Выслушав одну из шуток Даренского, она сказала:
- Тонко, я не сразу поняла. Поглупела от этой степной жизни.
Сказала она это негромко, как бы давая ему понять, верней,
почувствовать, что у них может завязаться свой разговор, в котором только
они оба и могут участвовать, разговор, от которого холодеет в груди, тот
особый, единственно важный разговор мужчины и женщины.
Даренский продолжал делать ошибки, она поправляла его, а в это время
возникала между ними другая игра, и в этой игре уже Даренский не ошибался,
эту игру он знал тонко... И хоть ничего не было между ними сказано, кроме
как: "Да не держите маленькую пику", "Подкидывайте, подкидывайте, не
бойтесь, не жалейте козыря..." - она уже знала и оценила все
привлекательное, что было в нем: и мягкость, и силу, и сдержанность, и
дерзость, и робость... Все это Алла Сергеевна ощутила и потому, что
подсмотрела в Даренском эти черты, и потому, что он сумел показать ей их.

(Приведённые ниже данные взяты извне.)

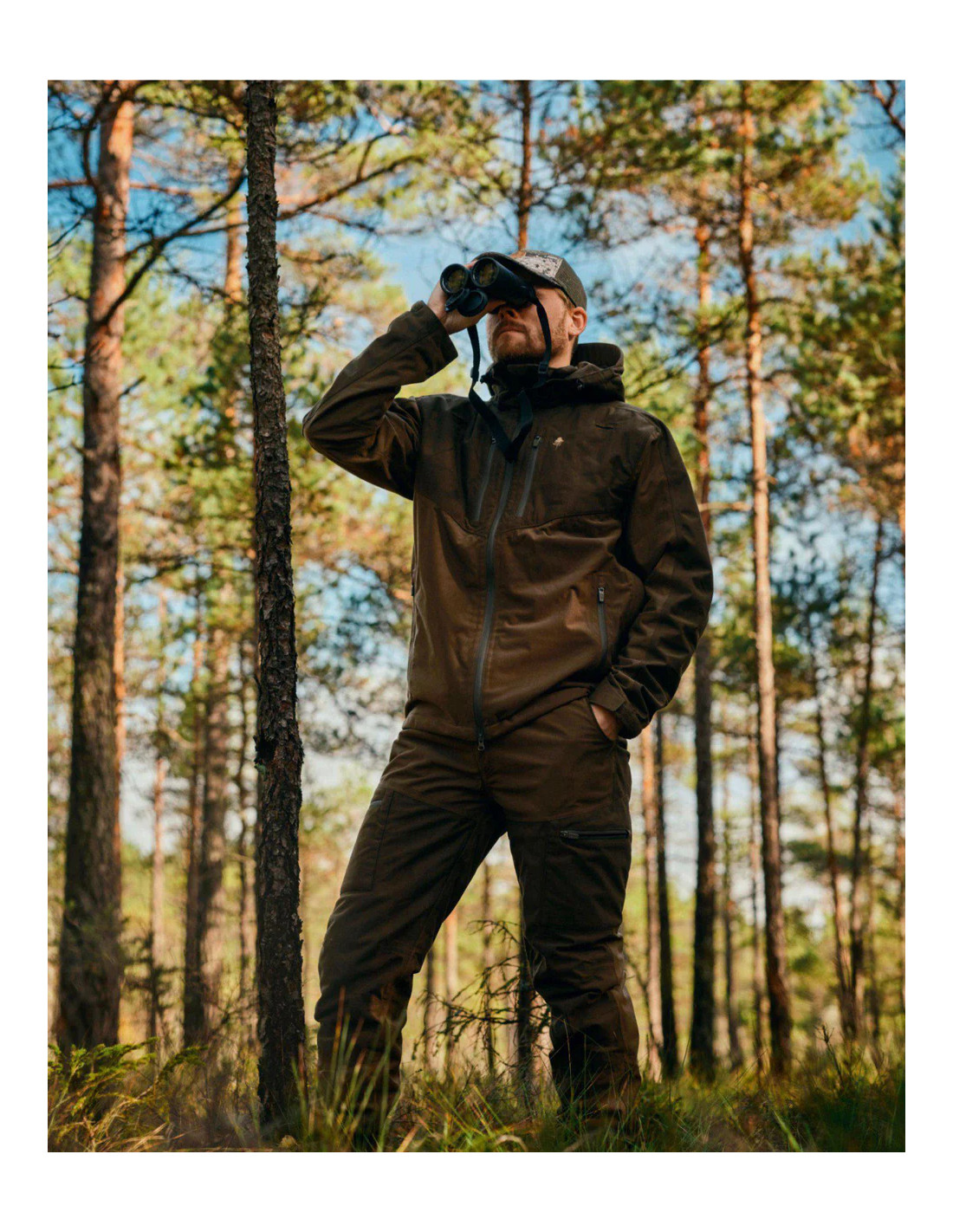 Tysta jaktbyxor med lätt vikt för den aktiva, rörliga jägaren, hundföraren eller hundtränaren. Slitstarka med vind- och vattentätt funktionsmembran. Tillverkade i 100% återvunnen polyester.
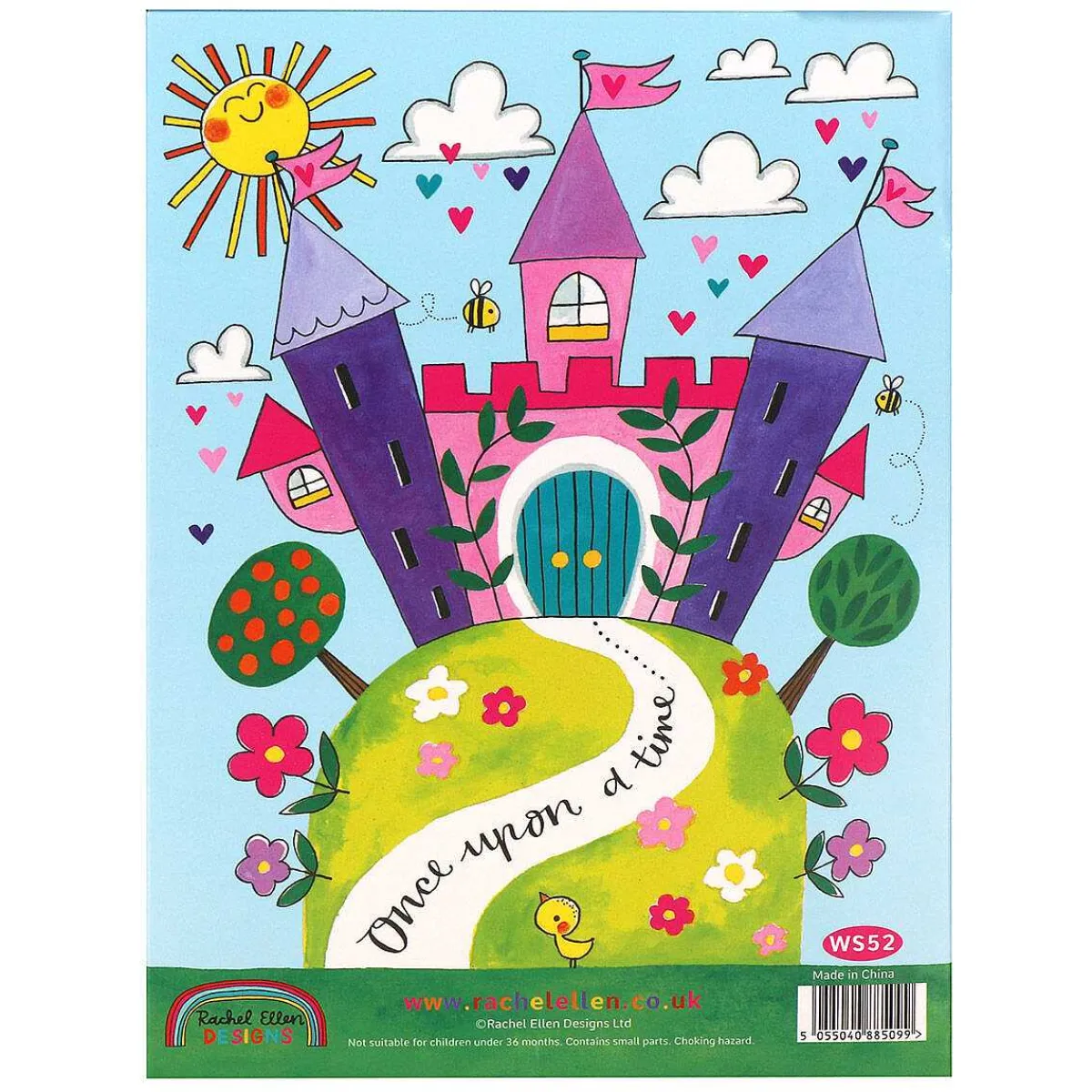 Each Sheet Of Writing Paper Is Pale Blue, And Across The Bottom Is A Colourful Illustration Of The Princess In Her Carriage With Unicorn, Along With The Fairy Tale Castle. Whilst The Envelope Features The Fairy Tale Princess In Her Carriage With Unicorn, And A Rainbow In The Opposite Corner With Space In The Middle For You To Write The Address. The Front Of The Writing Set Features A Princess With Long Flowing Hair, In A Pink Carriage With A Unicorn, Each One With A Cute And Adorable Character. The Characters Are Surrounded By Hearts, Flowers And A Rainbow, With Bees And Birds Which Add Interest To The Playful Design. The Slogan On The Front Reads ‘Fairy Tale Princess’ And A Rainbow With Clouds At Each End, Which Reads ‘Writing Set’. On The Reverse Of The Pack The Design Continues With The Same Theme.

И она сумела показать ему, что понимает его взгляды, обращенные к ее
улыбке, движениям рук, пожиманию плеч, к ее груди под нарядной
габардиновой гимнастеркой, к ее ногам, к маникюру на ее ногтях. Он
чувствовал, что ее голос чуть-чуть излишне, неестественно протяжен и
улыбка продолжительней обычной улыбки, чтобы он сумел оценить и милый
голос, и белизну ее зубов, и ямочки на щеках...
Даренский был взволнован и потрясен внезапно посетившим его чувством.

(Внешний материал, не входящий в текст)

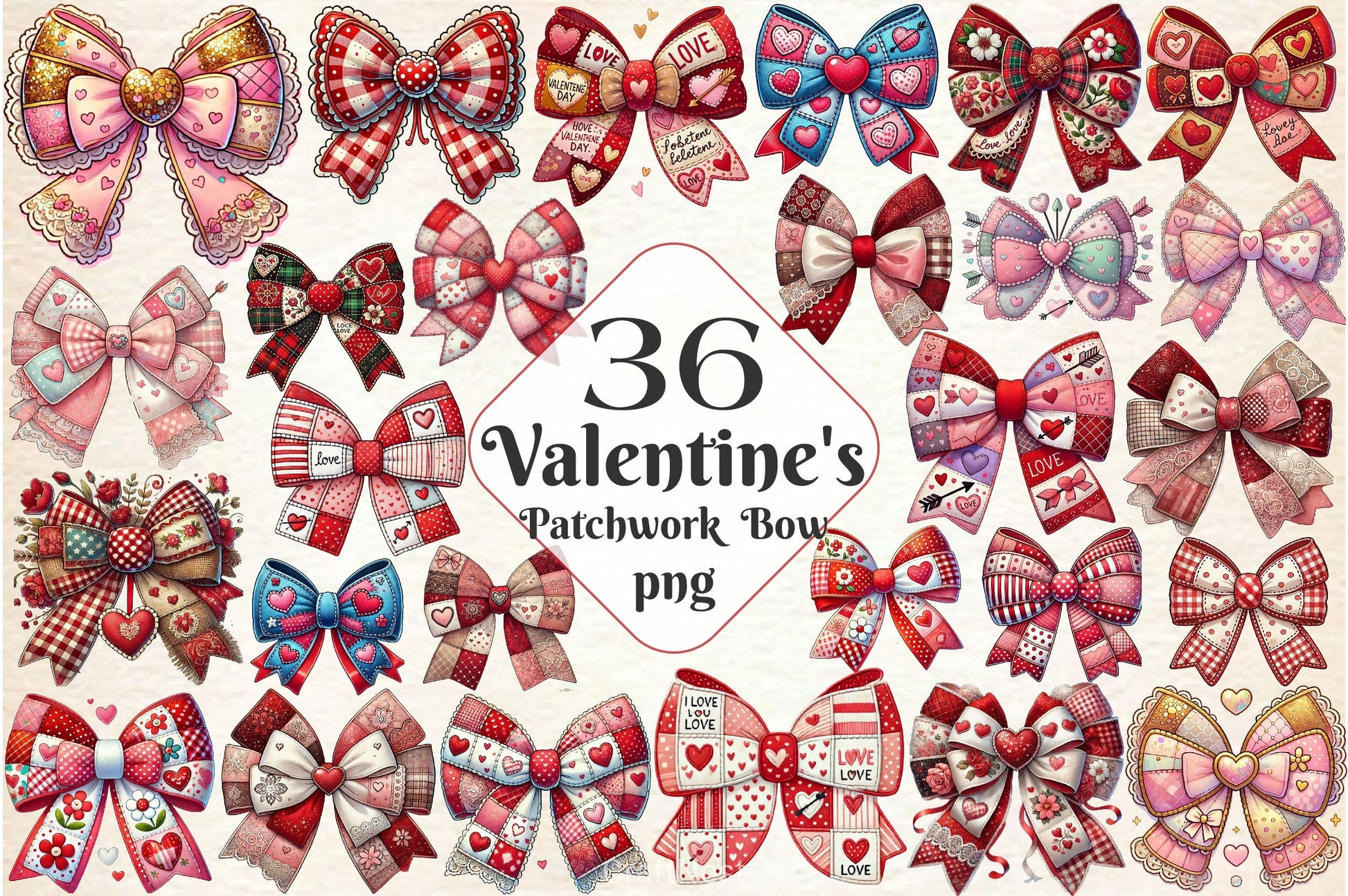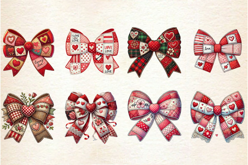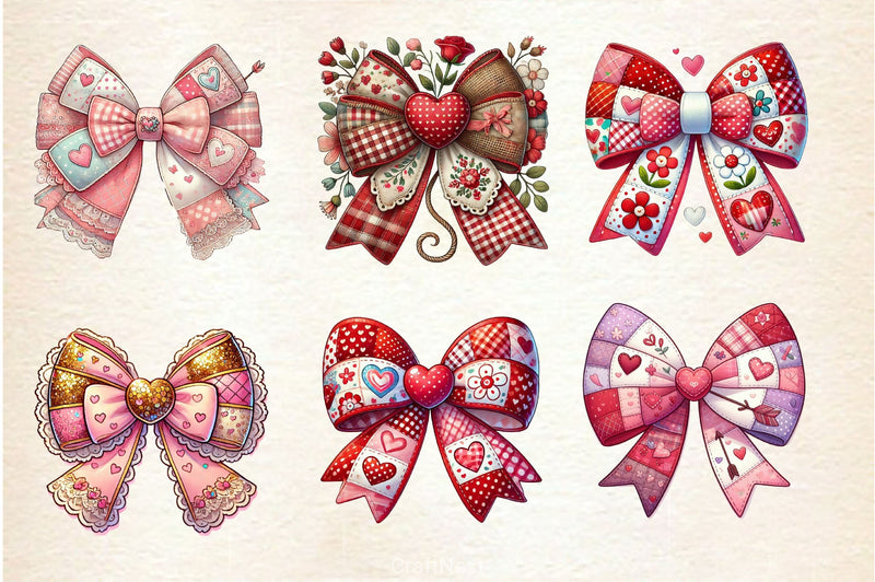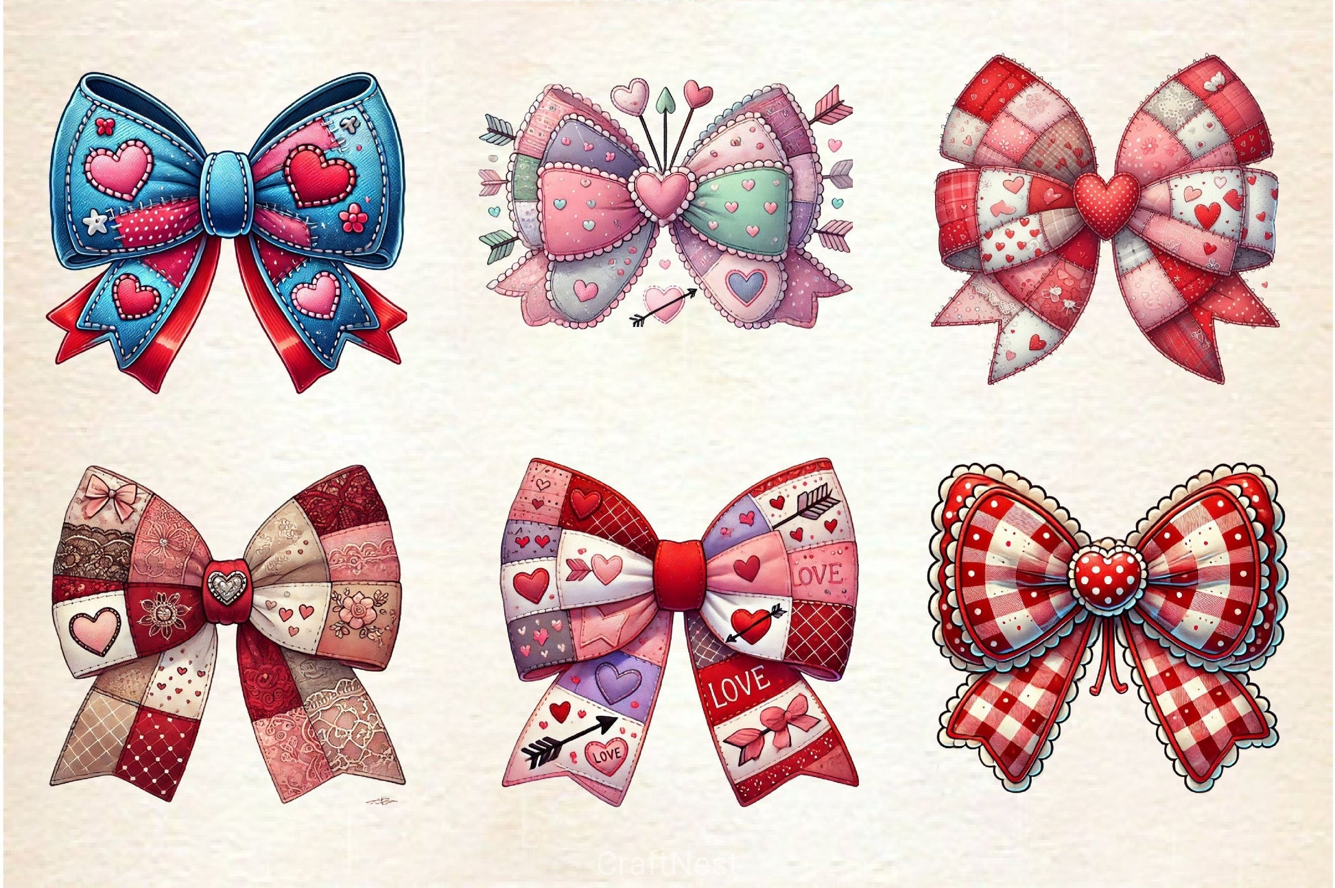 Patchwork Valentine's Day Bow Clipart Bundle 2

Он никогда не привыкал к этому чувству, каждый раз, казалось, оно посещало
его впервые. Большой опыт его отношений с женщинами не обращался в
привычку, - опыт был сам по себе, а счастливое увлечение само по себе.
Именно в этом сказывались истинные, а не ложные женолюбцы.

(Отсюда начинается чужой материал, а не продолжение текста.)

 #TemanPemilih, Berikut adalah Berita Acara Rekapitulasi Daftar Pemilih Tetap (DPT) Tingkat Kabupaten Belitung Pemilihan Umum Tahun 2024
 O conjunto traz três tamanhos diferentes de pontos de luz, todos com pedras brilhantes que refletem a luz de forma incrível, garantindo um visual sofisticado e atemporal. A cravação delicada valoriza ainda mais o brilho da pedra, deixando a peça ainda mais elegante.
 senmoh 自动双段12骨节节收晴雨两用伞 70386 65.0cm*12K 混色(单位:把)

Как-то получилось, что в эту ночь он остался на командном пункте армии.
Утром он зашел к начальнику штаба, молчаливому полковнику, не задавшему
ему ни одного вопроса о Сталинграде, о фронтовых новостях, о положении
северо-западнее Сталинграда. После разговора Даренский понял, что штабной
полковник мало чем может удовлетворить его инспекторскую любознательность,
попросил поставить визу на своем предписании и выехал в войска.
Он сел в машину со странной пустотой и легкостью в руках и ногах, без
единой мысли, без желаний, соединяя в себе полное насыщение с полным
опустошением... Казалось, и все кругом стало пресным, пустым - небо,
ковыль и степные холмы, еще вчера так нравившиеся ему. Не хотелось шутить
и разговаривать с водителем. Мысли о близких, даже мысли о матери, которую
Даренский любил и почитал, были скучны, холодны... Размышления о боях в
пустыне, на краю русской земли, не волновали, шли вяло.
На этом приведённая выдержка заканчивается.